## YOUR GOAL
Begin at the line below that holds "Автоимидж, автомагазин по" and end at the line that holds "Tribal Birthday Party", transcribing each line exactly and skipping any picture.

## DATA SHOWN

################

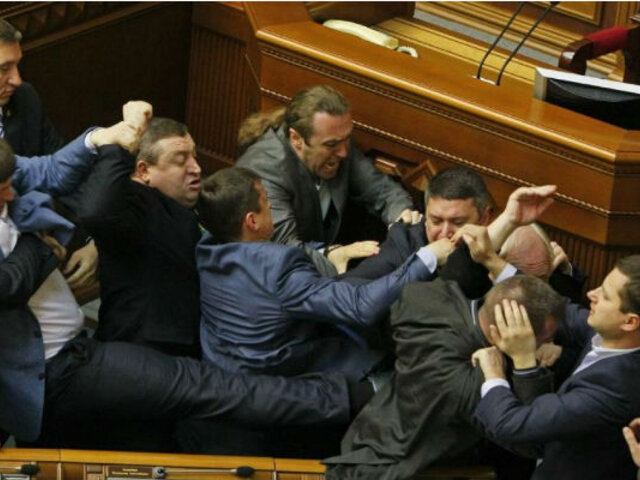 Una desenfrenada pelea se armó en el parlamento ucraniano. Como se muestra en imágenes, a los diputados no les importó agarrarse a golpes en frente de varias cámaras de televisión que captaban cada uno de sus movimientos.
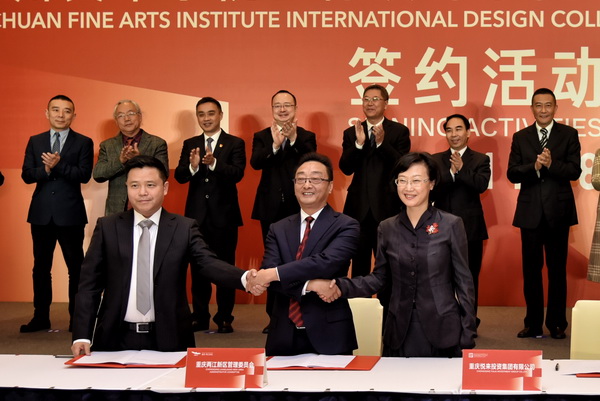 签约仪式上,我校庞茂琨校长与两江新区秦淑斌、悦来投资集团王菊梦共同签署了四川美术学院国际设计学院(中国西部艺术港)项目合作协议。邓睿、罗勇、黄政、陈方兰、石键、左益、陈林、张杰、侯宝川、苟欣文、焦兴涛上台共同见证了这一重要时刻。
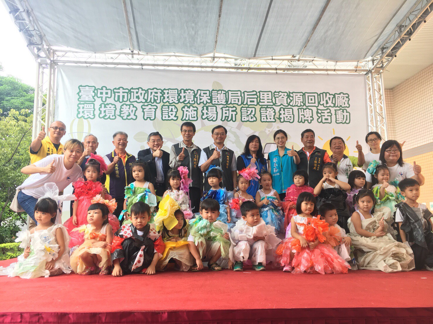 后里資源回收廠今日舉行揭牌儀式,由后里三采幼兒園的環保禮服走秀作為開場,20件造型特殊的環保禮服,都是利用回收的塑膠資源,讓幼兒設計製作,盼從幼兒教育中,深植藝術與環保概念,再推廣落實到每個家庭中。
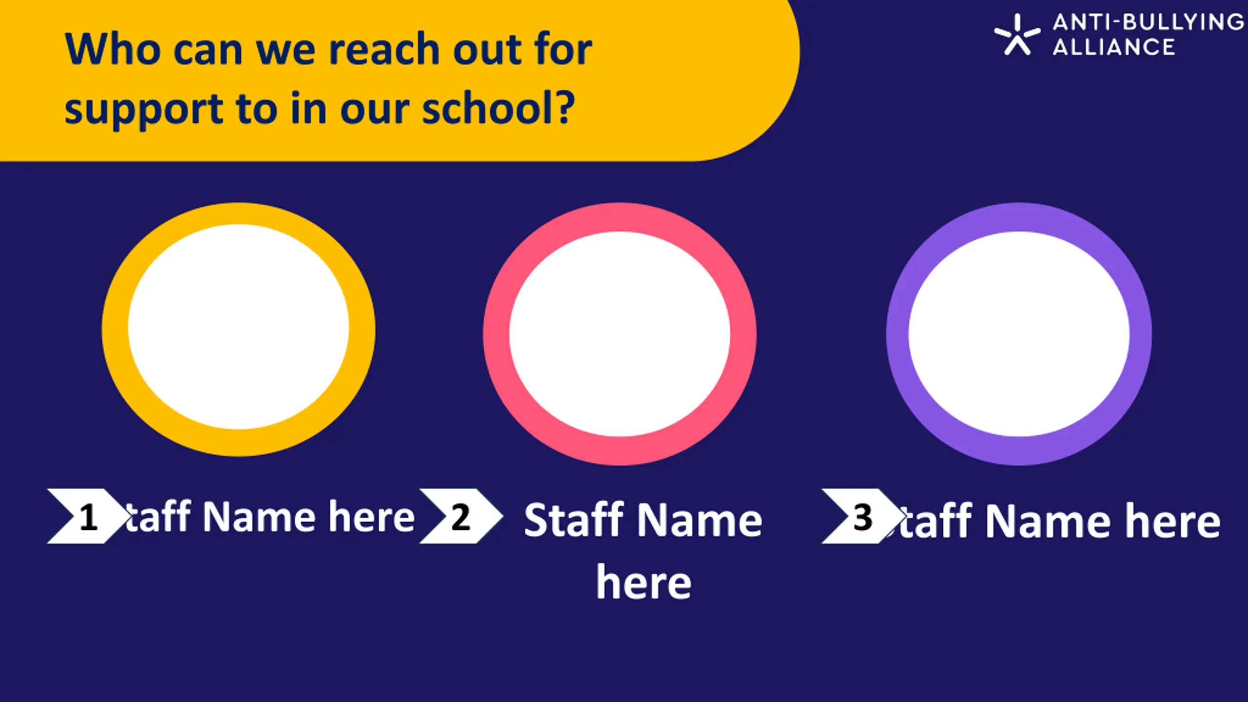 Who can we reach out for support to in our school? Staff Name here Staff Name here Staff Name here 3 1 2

################

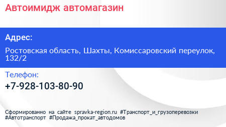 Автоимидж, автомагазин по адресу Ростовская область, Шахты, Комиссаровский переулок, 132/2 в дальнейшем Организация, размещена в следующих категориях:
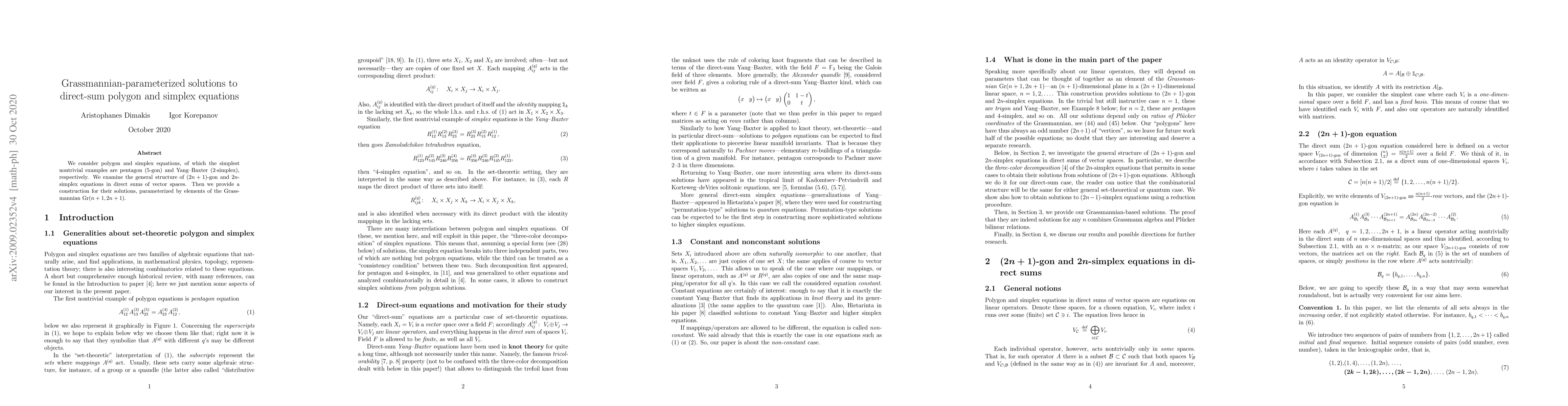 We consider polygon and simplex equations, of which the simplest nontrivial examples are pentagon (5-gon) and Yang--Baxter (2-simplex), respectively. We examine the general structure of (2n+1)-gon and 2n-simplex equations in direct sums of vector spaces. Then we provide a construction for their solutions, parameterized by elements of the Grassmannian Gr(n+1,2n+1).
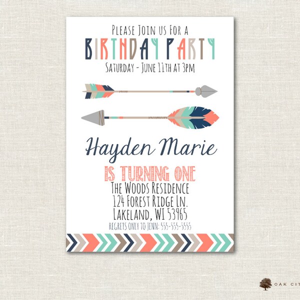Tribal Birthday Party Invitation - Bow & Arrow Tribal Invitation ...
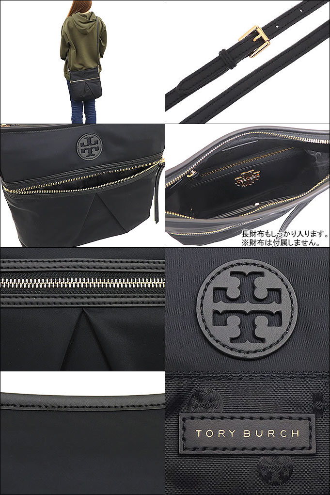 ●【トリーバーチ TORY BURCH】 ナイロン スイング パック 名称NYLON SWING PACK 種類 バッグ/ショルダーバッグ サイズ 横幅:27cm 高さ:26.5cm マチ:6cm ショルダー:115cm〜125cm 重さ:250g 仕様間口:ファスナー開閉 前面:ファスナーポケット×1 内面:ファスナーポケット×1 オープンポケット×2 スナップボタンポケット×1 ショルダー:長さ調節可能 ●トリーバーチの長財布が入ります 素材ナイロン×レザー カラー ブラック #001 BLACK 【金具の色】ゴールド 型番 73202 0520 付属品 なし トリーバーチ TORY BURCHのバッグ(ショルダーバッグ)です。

################

## WRITTEN RESPONSE
 Автоимидж, автомагазин по адресу Ростовская область, Шахты, Комиссаровский переулок, 132/2 в дальнейшем Организация, размещена в следующих категориях:
 We consider polygon and simplex equations, of which the simplest nontrivial examples are pentagon (5-gon) and Yang--Baxter (2-simplex), respectively. We examine the general structure of (2n+1)-gon and 2n-simplex equations in direct sums of vector spaces. Then we provide a construction for their solutions, parameterized by elements of the Grassmannian Gr(n+1,2n+1).
Tribal Birthday Party Invitation - Bow & Arrow Tribal Invitation ...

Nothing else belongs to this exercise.